* [Available data]
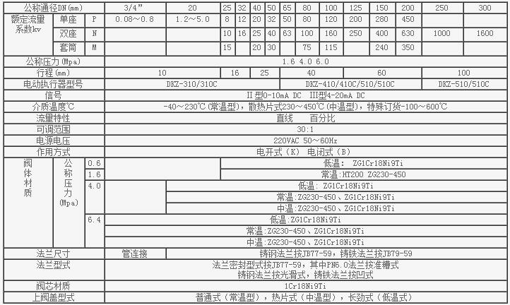 電動套筒調(diào)節(jié)閥規(guī)格與技術(shù)參數(shù)
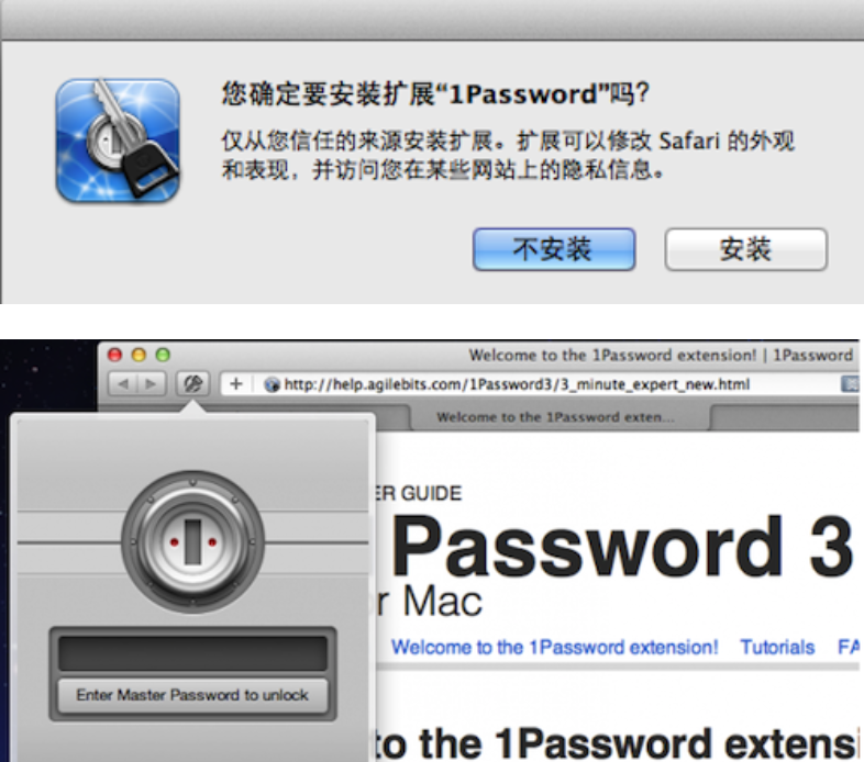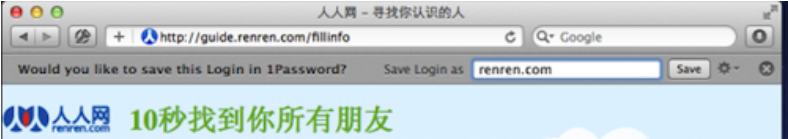 使用 1Password 非常非常简单,你在配置好 1Password 之后首次登陆其他网站时,1Password 会在浏览器顶部弹出消息,询问你是否要记住该网站的登陆信息,直接点 Save 并输入主密码,该网站的登陆信息就保存到1Password数据文件中了,在下次登陆该网站的时候,你就没有必要再手动输入用户名和密码,直接点击浏览器工具栏上的 1Password 图标(或者按快捷键command+/),然后 1Password 就会自动帮你填好用户名和密码并登陆。
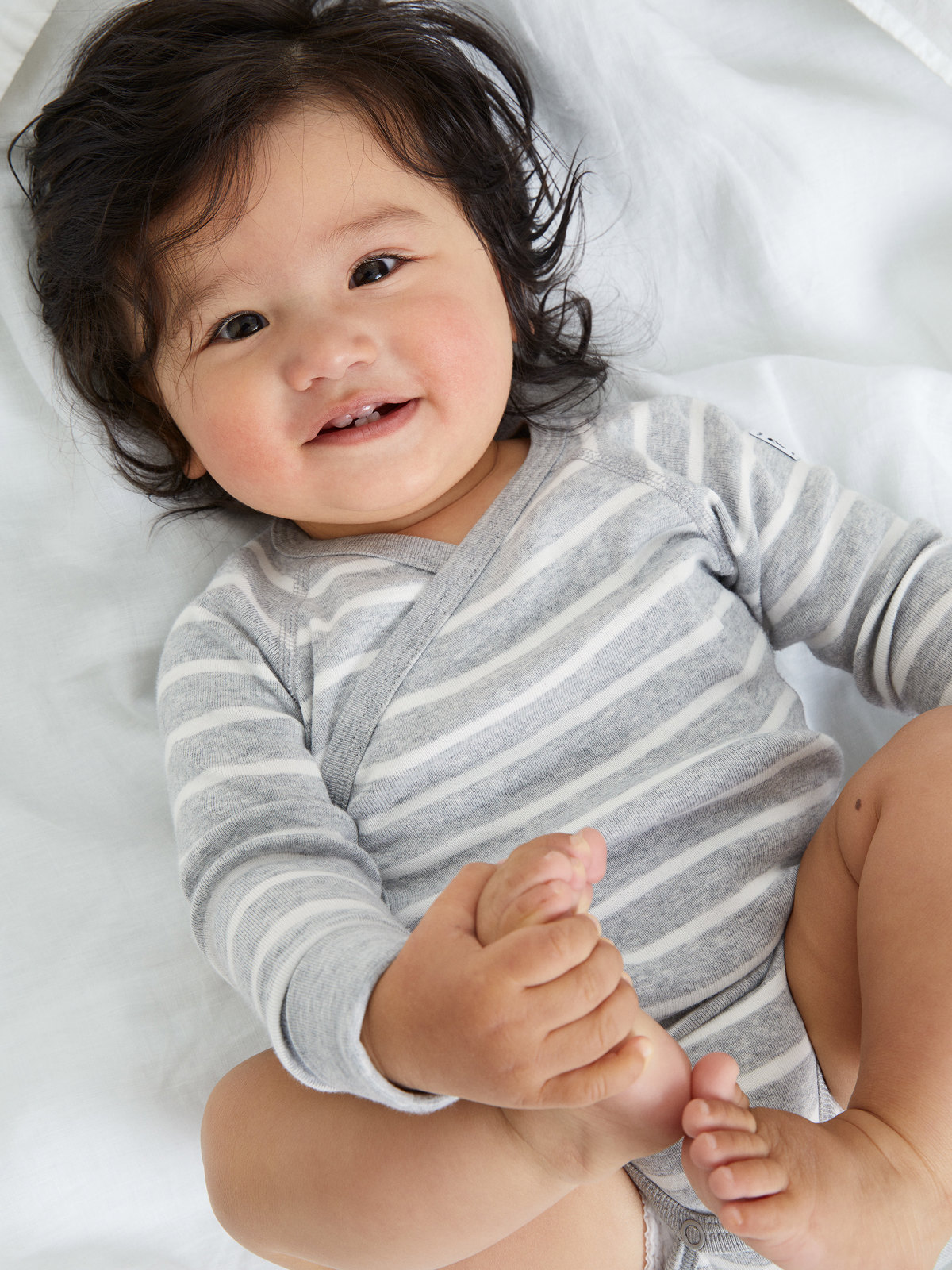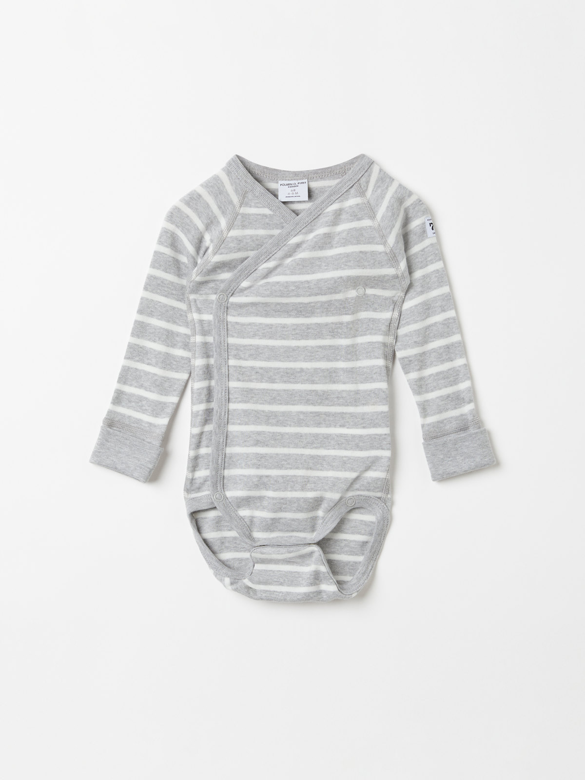 En enfärgad omlottbody i 100% ekologisk bomull för nyfödd. Bodyn har mjuk ribbad mudd vid ärmsluten som går att vika ned allteftersom babyn växer. Tryckknapparna längst med omlottöppningen och i grenen underlättar kläd och blöjbyten.

* [About this task] Write out again, word for word, the lines from the one holding "使用 1Password 非常非常简单,你在配置好" through the final line of the listing, including both ends but no pictures.

* [Exercise response]
 使用 1Password 非常非常简单,你在配置好 1Password 之后首次登陆其他网站时,1Password 会在浏览器顶部弹出消息,询问你是否要记住该网站的登陆信息,直接点 Save 并输入主密码,该网站的登陆信息就保存到1Password数据文件中了,在下次登陆该网站的时候,你就没有必要再手动输入用户名和密码,直接点击浏览器工具栏上的 1Password 图标(或者按快捷键command+/),然后 1Password 就会自动帮你填好用户名和密码并登陆。
 En enfärgad omlottbody i 100% ekologisk bomull för nyfödd. Bodyn har mjuk ribbad mudd vid ärmsluten som går att vika ned allteftersom babyn växer. Tryckknapparna längst med omlottöppningen och i grenen underlättar kläd och blöjbyten.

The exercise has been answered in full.